Signed-off-by: Andrew Bartlett <abartlet@samba.org>
Reviewed-by: Douglas Bagnall <douglas.bagnall@catalyst.net.nz>
---

diff --git a/python/samba/tests/dsdb_quiet_provision_tests.py b/python/samba/tests/dsdb_quiet_provision_tests.py
index 81ef3ceb74f..f6bdf1705f3 100644
--- a/python/samba/tests/dsdb_quiet_provision_tests.py
+++ b/python/samba/tests/dsdb_quiet_provision_tests.py
@@ -67,3 +67,214 @@ class DsdbQuietProvisionTests(TestCase):
                                 expression=f"(&(objectClass = msKds-ProvRootKey)(msKds-UseStartTime<={min_use_start_time}))")
 
         self.assertGreater(len(res), 0)
+
+    def test_gkdi_create_root_key_wrong_version(self):
+
+        server_config_dn = self.samdb.get_config_basedn()
+        server_config_dn.add_child("CN=Group Key Distribution Service Server Configuration," +
+                                   "CN=Server Configuration," +
+                                   "CN=Group Key Distribution Service," +
+                                   "CN=Services")

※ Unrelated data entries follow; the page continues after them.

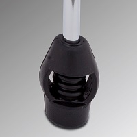 The steel leg is prevented from contacting the ground by an internal cotter pin, allowing the floor tom to “float” on the elevated “spring" of the rubber foot, eliminating vibration transfer and maximizing resonance.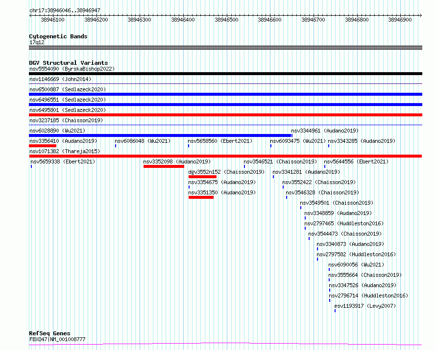 Variant DetailsVariant: nsv1071382| Internal ID | 19318528 | | Landmark | | | Location Information | | | Cytoband | 17q12 | | Allele length | | Assembly | Allele length | | hg38 | 902 | | hg19 | 902 |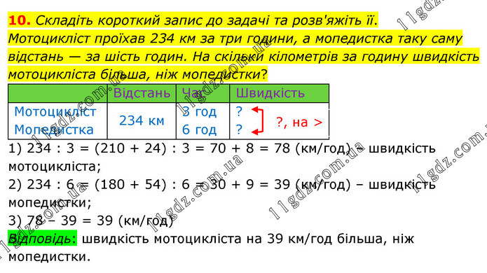 Складіть короткий запис до задачі та розв'яжіть її. Мотоцикліст проїхав 234 км за три години, а мопедистка таку саму відстань — за шість годин. На скільки кілометрів за годину швидкість мотоцикліста більша, ніж мопедистки? 1) 234 : 3 = (210 + 24) : 3 = 70 + 8 = 78 (км/год) – швидкість мотоцикліста; 2) 234 : 6 = (180 + 54) : 6 = 30 + 9 = 39 (км/год) – швидкість мопедистки; 3) 78 – 39 = 39 (км/год) Відповідь: швидкість мотоцикліста на 39 км/год більша, ніж мопедистки.

+        res = self.samdb.search(base=server_config_dn,
+                                scope=ldb.SCOPE_BASE,
+                                attrs=["msKds-Version"])
+
+        self.assertEqual(len(res), 1)
+
+        msg = res[0]
+        version = int(msg["msKds-Version"][0])

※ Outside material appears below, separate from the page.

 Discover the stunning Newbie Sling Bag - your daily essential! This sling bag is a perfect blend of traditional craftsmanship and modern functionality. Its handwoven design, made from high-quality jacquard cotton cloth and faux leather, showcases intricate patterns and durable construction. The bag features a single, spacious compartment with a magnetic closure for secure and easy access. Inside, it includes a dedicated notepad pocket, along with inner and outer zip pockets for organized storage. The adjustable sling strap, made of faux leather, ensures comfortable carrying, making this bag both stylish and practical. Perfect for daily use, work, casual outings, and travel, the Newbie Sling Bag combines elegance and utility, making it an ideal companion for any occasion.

+        self.assertEqual(version, 1)
+
+        self.addCleanup(self.samdb.modify,
+                        ldb.Message.from_dict(self.samdb,
+                                              {"dn": msg["dn"],
+                                               "msKds-Version": [str(version)]},
+                                              ldb.FLAG_MOD_REPLACE))
+        self.samdb.modify(ldb.Message.from_dict(self.samdb,
+                                                {"dn": msg["dn"],
+                                                 "msKds-Version": ["2"]},
+                                                ldb.FLAG_MOD_REPLACE))
+
+        try:
+            self.samdb.new_gkdi_root_key()
+            self.fail("Creating key with invalid version should fail")
+        except ldb.LdbError as e:
+            (enum, estr) = e.args
+            self.assertEqual(enum, ldb.ERR_CONSTRAINT_VIOLATION)
+
+    def test_gkdi_create_root_key_4096(self):
+
+        server_config_dn = self.samdb.get_config_basedn()
+        server_config_dn.add_child("CN=Group Key Distribution Service Server Configuration," +
+                                   "CN=Server Configuration," +
+                                   "CN=Group Key Distribution Service," +
+                                   "CN=Services")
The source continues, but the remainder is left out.